AIM OF THE TASK
What is needed is the full set of records, word for word, with no pictures.

+--

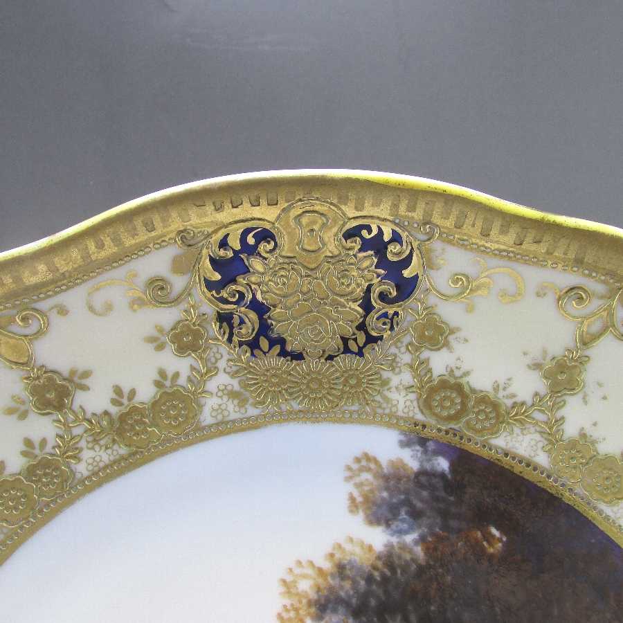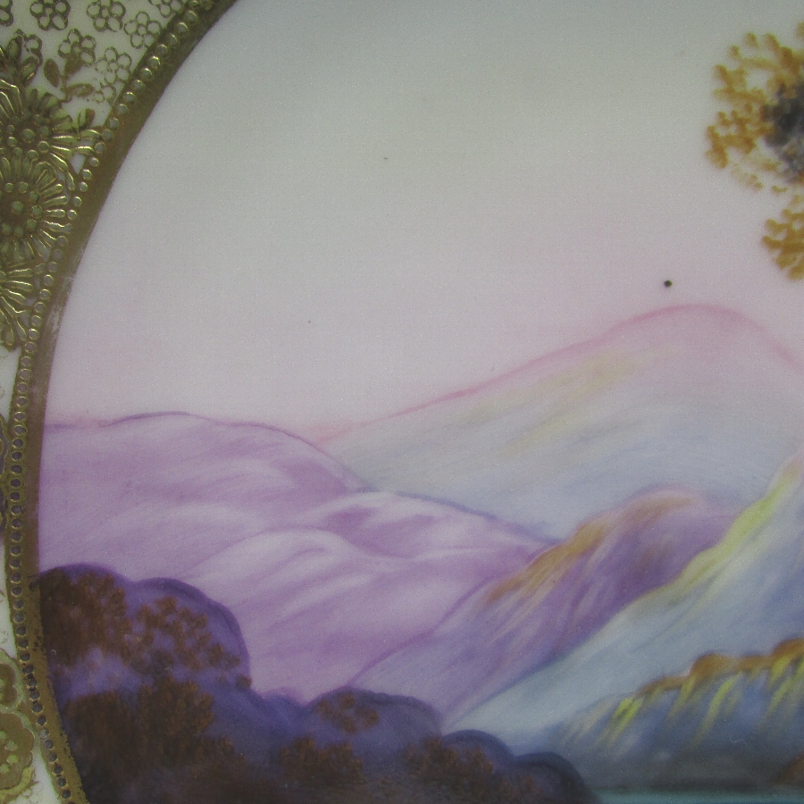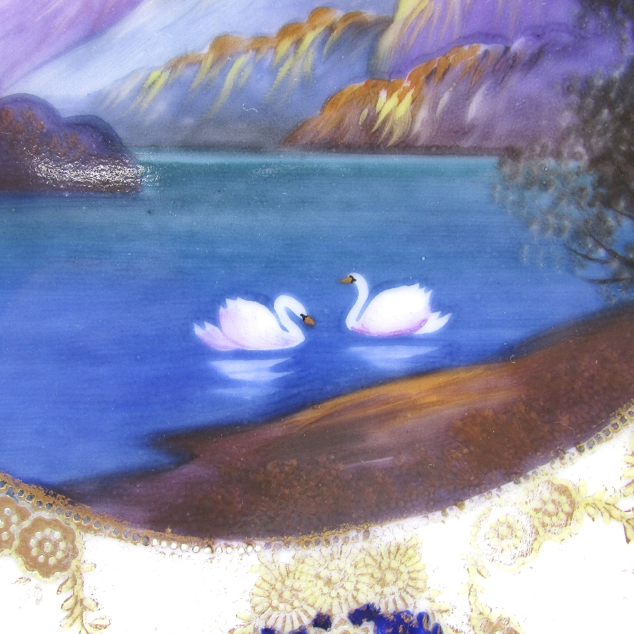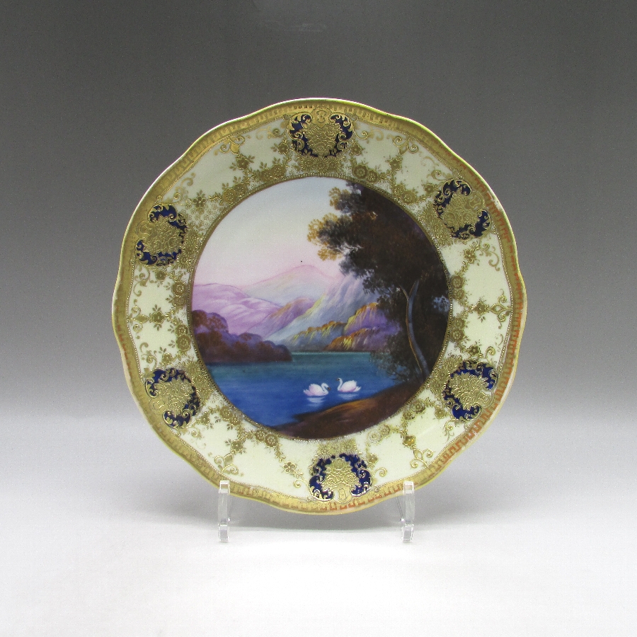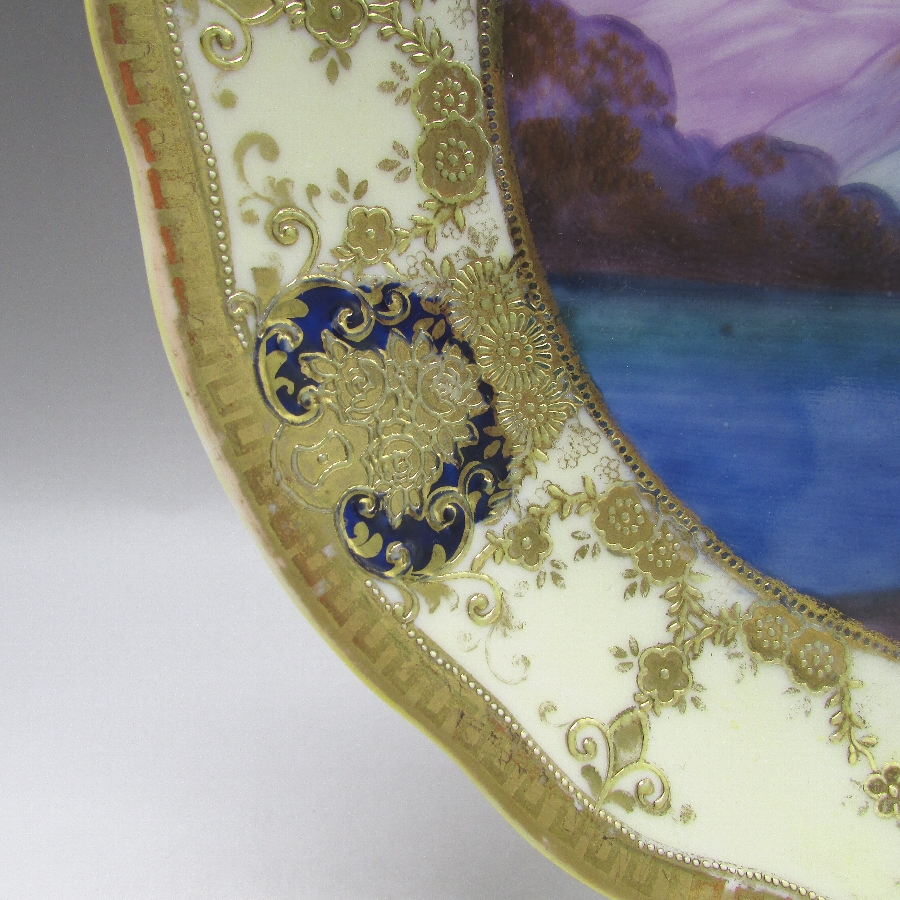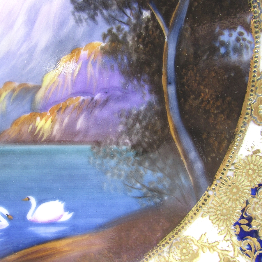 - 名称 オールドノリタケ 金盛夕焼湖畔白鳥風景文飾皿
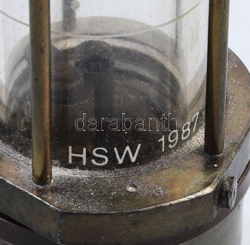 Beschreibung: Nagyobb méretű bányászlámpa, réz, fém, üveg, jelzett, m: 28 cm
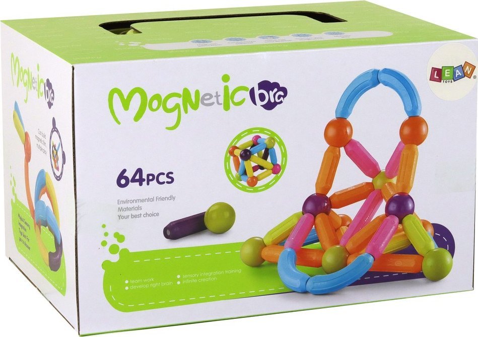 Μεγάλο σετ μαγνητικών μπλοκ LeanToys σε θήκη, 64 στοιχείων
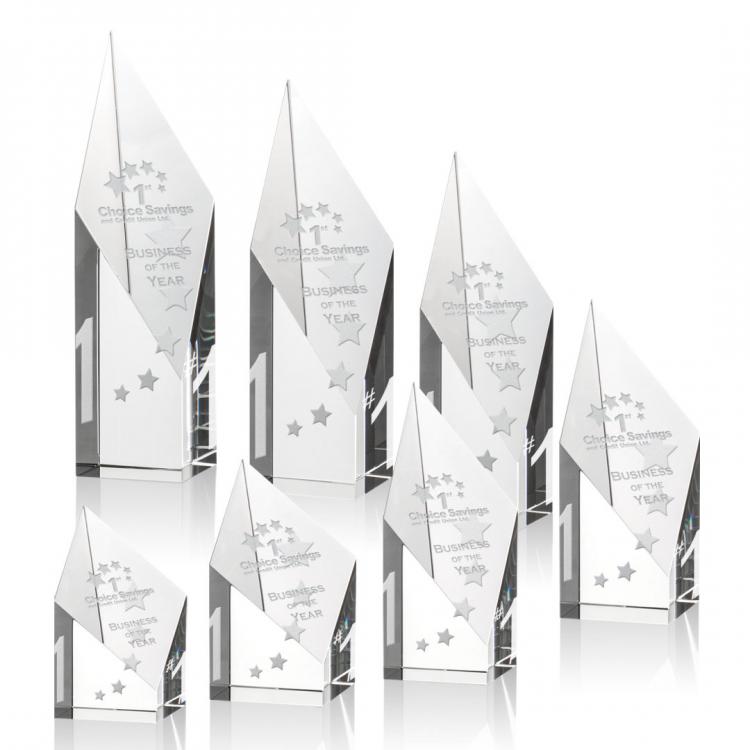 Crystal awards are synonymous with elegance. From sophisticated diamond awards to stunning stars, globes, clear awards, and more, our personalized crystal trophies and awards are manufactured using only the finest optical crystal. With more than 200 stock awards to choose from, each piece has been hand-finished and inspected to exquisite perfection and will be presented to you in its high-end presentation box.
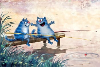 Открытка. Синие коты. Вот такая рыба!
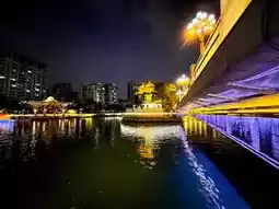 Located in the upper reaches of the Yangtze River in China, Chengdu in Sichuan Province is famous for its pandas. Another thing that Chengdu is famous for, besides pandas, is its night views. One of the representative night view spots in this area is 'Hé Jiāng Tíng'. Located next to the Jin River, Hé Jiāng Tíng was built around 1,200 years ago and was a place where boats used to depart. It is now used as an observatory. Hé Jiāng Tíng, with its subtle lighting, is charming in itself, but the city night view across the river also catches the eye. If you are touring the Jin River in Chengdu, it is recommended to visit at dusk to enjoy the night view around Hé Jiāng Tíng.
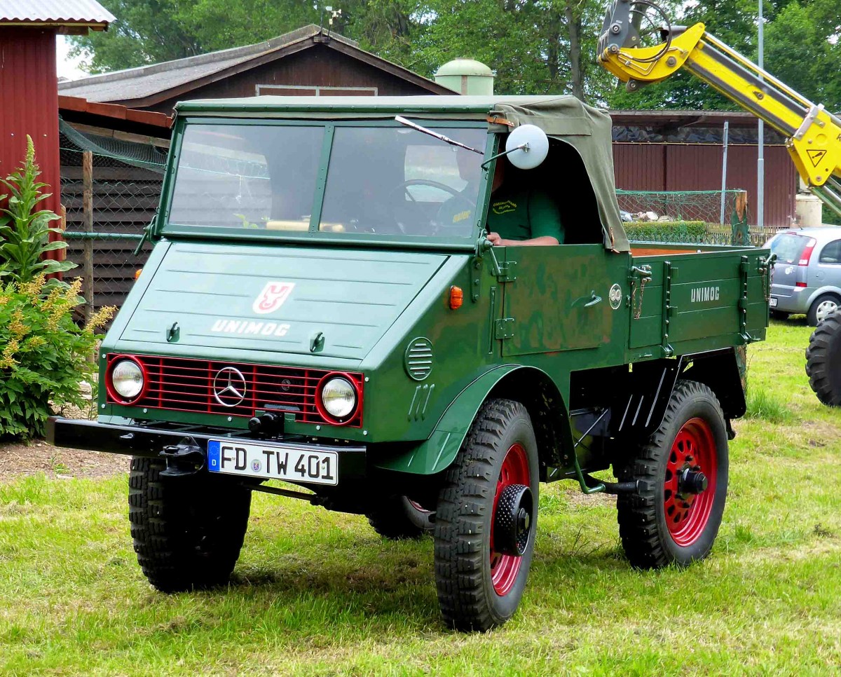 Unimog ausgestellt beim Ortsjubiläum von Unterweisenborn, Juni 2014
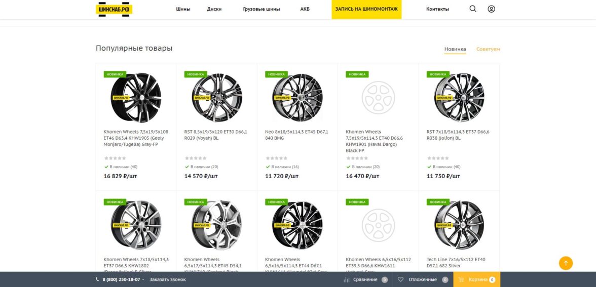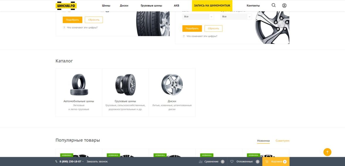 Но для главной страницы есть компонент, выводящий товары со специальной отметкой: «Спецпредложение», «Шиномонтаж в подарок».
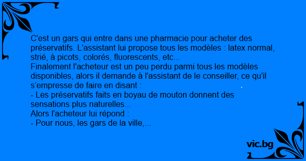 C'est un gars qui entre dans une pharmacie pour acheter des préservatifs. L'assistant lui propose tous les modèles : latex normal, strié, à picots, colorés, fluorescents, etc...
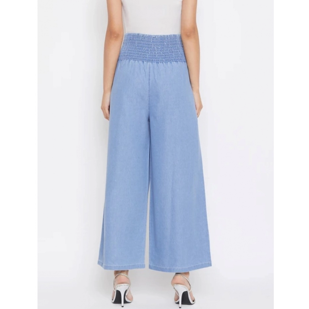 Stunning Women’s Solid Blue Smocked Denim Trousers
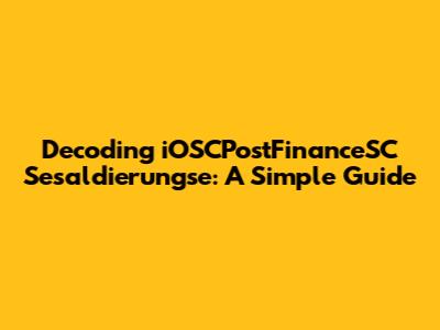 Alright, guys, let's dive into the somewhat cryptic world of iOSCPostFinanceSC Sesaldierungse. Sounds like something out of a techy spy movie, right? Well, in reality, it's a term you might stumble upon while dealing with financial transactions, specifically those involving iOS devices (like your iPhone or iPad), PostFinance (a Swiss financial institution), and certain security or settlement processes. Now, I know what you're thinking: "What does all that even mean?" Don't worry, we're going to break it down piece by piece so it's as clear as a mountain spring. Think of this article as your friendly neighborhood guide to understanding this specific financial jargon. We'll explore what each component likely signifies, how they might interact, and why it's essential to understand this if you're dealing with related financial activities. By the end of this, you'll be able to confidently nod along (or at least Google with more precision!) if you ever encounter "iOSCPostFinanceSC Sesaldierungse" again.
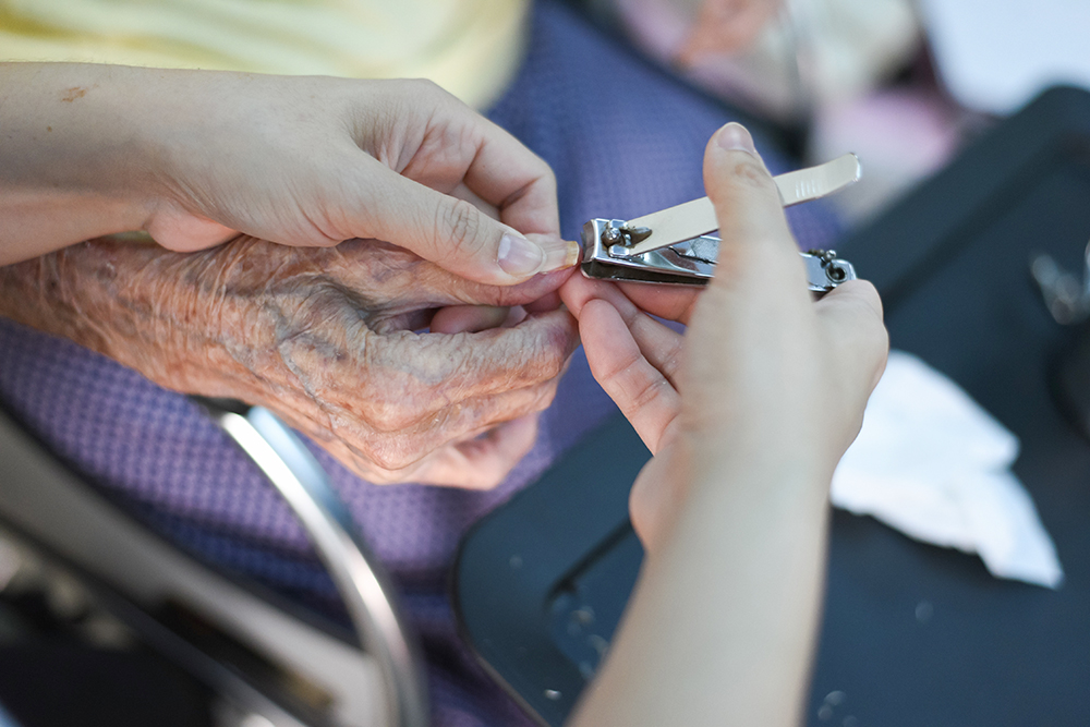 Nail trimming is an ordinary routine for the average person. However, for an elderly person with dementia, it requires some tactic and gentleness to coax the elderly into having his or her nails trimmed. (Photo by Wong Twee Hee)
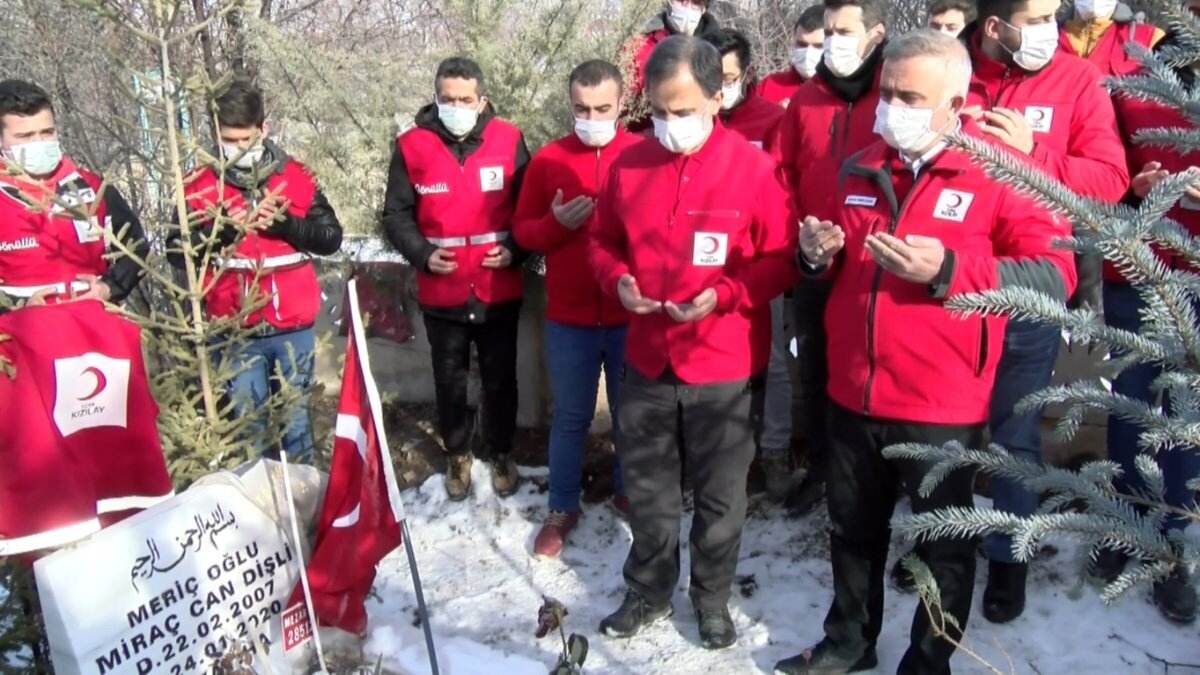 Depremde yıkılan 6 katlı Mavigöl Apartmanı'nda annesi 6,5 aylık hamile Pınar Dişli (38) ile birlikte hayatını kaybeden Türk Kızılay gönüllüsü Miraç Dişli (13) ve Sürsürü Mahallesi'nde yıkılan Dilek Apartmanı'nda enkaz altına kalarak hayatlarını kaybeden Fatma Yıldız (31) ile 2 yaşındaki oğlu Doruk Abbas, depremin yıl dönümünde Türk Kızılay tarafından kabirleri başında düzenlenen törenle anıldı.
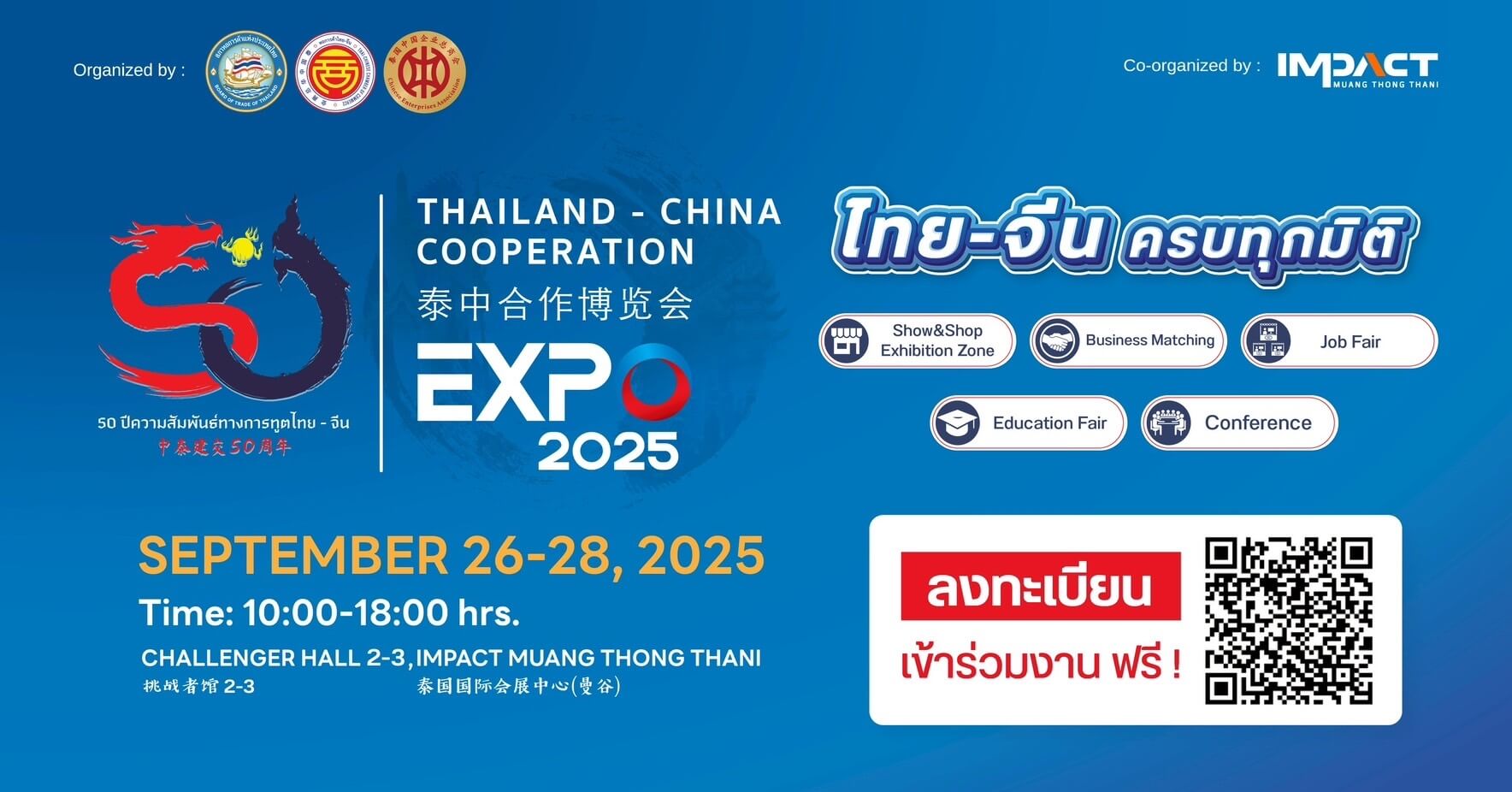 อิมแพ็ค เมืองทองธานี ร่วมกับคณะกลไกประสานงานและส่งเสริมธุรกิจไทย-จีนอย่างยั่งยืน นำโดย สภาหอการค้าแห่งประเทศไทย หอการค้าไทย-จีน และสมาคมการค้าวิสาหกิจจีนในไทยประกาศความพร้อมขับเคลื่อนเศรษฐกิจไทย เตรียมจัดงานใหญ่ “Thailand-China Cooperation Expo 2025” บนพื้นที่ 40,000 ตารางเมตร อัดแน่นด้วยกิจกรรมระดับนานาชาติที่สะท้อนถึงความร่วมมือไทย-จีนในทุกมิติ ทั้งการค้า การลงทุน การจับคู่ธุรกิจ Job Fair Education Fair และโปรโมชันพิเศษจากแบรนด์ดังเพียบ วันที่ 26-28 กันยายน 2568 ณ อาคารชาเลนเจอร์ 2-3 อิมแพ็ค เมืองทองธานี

+--

YOUR RESPONSE
 - 名称 オールドノリタケ 金盛夕焼湖畔白鳥風景文飾皿
 Beschreibung: Nagyobb méretű bányászlámpa, réz, fém, üveg, jelzett, m: 28 cm
 Μεγάλο σετ μαγνητικών μπλοκ LeanToys σε θήκη, 64 στοιχείων
 Crystal awards are synonymous with elegance. From sophisticated diamond awards to stunning stars, globes, clear awards, and more, our personalized crystal trophies and awards are manufactured using only the finest optical crystal. With more than 200 stock awards to choose from, each piece has been hand-finished and inspected to exquisite perfection and will be presented to you in its high-end presentation box.
 Открытка. Синие коты. Вот такая рыба!
 Located in the upper reaches of the Yangtze River in China, Chengdu in Sichuan Province is famous for its pandas. Another thing that Chengdu is famous for, besides pandas, is its night views. One of the representative night view spots in this area is 'Hé Jiāng Tíng'. Located next to the Jin River, Hé Jiāng Tíng was built around 1,200 years ago and was a place where boats used to depart. It is now used as an observatory. Hé Jiāng Tíng, with its subtle lighting, is charming in itself, but the city night view across the river also catches the eye. If you are touring the Jin River in Chengdu, it is recommended to visit at dusk to enjoy the night view around Hé Jiāng Tíng.
 Unimog ausgestellt beim Ortsjubiläum von Unterweisenborn, Juni 2014
 Но для главной страницы есть компонент, выводящий товары со специальной отметкой: «Спецпредложение», «Шиномонтаж в подарок».
 C'est un gars qui entre dans une pharmacie pour acheter des préservatifs. L'assistant lui propose tous les modèles : latex normal, strié, à picots, colorés, fluorescents, etc...
 Stunning Women’s Solid Blue Smocked Denim Trousers
 Alright, guys, let's dive into the somewhat cryptic world of iOSCPostFinanceSC Sesaldierungse. Sounds like something out of a techy spy movie, right? Well, in reality, it's a term you might stumble upon while dealing with financial transactions, specifically those involving iOS devices (like your iPhone or iPad), PostFinance (a Swiss financial institution), and certain security or settlement processes. Now, I know what you're thinking: "What does all that even mean?" Don't worry, we're going to break it down piece by piece so it's as clear as a mountain spring. Think of this article as your friendly neighborhood guide to understanding this specific financial jargon. We'll explore what each component likely signifies, how they might interact, and why it's essential to understand this if you're dealing with related financial activities. By the end of this, you'll be able to confidently nod along (or at least Google with more precision!) if you ever encounter "iOSCPostFinanceSC Sesaldierungse" again.
 Nail trimming is an ordinary routine for the average person. However, for an elderly person with dementia, it requires some tactic and gentleness to coax the elderly into having his or her nails trimmed. (Photo by Wong Twee Hee)
 Depremde yıkılan 6 katlı Mavigöl Apartmanı'nda annesi 6,5 aylık hamile Pınar Dişli (38) ile birlikte hayatını kaybeden Türk Kızılay gönüllüsü Miraç Dişli (13) ve Sürsürü Mahallesi'nde yıkılan Dilek Apartmanı'nda enkaz altına kalarak hayatlarını kaybeden Fatma Yıldız (31) ile 2 yaşındaki oğlu Doruk Abbas, depremin yıl dönümünde Türk Kızılay tarafından kabirleri başında düzenlenen törenle anıldı.
 อิมแพ็ค เมืองทองธานี ร่วมกับคณะกลไกประสานงานและส่งเสริมธุรกิจไทย-จีนอย่างยั่งยืน นำโดย สภาหอการค้าแห่งประเทศไทย หอการค้าไทย-จีน และสมาคมการค้าวิสาหกิจจีนในไทยประกาศความพร้อมขับเคลื่อนเศรษฐกิจไทย เตรียมจัดงานใหญ่ “Thailand-China Cooperation Expo 2025” บนพื้นที่ 40,000 ตารางเมตร อัดแน่นด้วยกิจกรรมระดับนานาชาติที่สะท้อนถึงความร่วมมือไทย-จีนในทุกมิติ ทั้งการค้า การลงทุน การจับคู่ธุรกิจ Job Fair Education Fair และโปรโมชันพิเศษจากแบรนด์ดังเพียบ วันที่ 26-28 กันยายน 2568 ณ อาคารชาเลนเจอร์ 2-3 อิมแพ็ค เมืองทองธานี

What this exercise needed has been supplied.